(Reuters) - Canadian telecom services provider Bell Aliant Inc BA.TO posted a 12 percent fall in fourth-quarter profit as it took a restructuring charge, and said it plans lower capital expenditure this year.
Bell Aliant shares were up about 2 percent at C$26.05 in early trade on the Toronto Stock Exchange on Tuesday.
Net income fell to C$70.3 million ($70.38 million), or 31 Canadian cents per share, from C$80 million, or 35 Canadian cents per share, a year earlier.
On an adjusted basis, the company earned 37 Canadian cents per share. Analysts were expecting a first-quarter profit of 41 Canadian cents per share, according to Thomson Reuters I/B/E/S.
Operating revenue fell 0.8 percent to C$694.8 million due to a decline in local and long distance revenues. Analysts were looking for C$697.1 million.
The company, a unit of BCE Inc (BCE.TO) - Canada’s biggest telecom company, forecast adjusted per-share earnings of C$1.45 to C$1.75 for 2013, compared with the C$1.63 per share it earned on an adjusted basis in 2012.
Bell Aliant, which reported operating revenue of C$2.76 billion in 2012, said it expects the figure this year to range between C$2.73 billion and C$2.81 billion.

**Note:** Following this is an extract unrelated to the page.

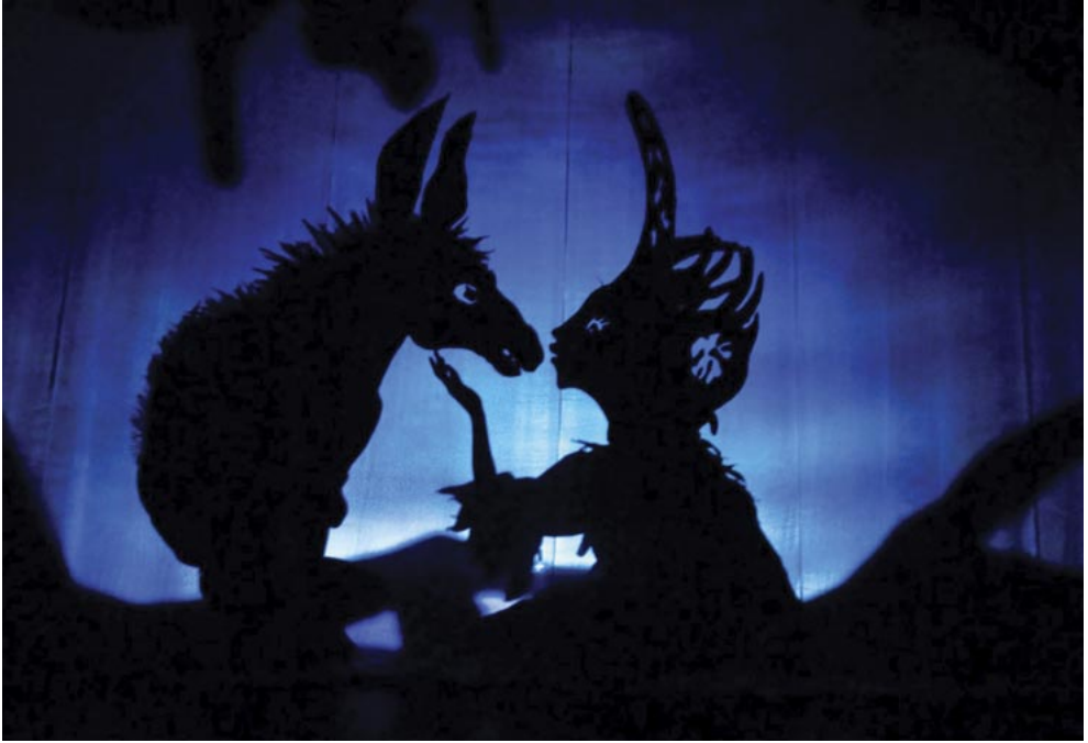
Szentivánéji álom (Le Songe d'une nuit d'été). Rendező: Fabrizio Montecchi, 2011.

The company also said it plans capital expenditure of C$525 million to C$575 million this year, down from the C$592 million it spent in 2012. The number is lower as it will not have to take non-recurring startup costs related to hanging fiber to home in central Canada, CEO Karen Sherriff said on a conference call.
Local service revenue fell 4.8 percent to C$288.9 million. Long distance revenue was down 11.6 percent at C$79.2 million.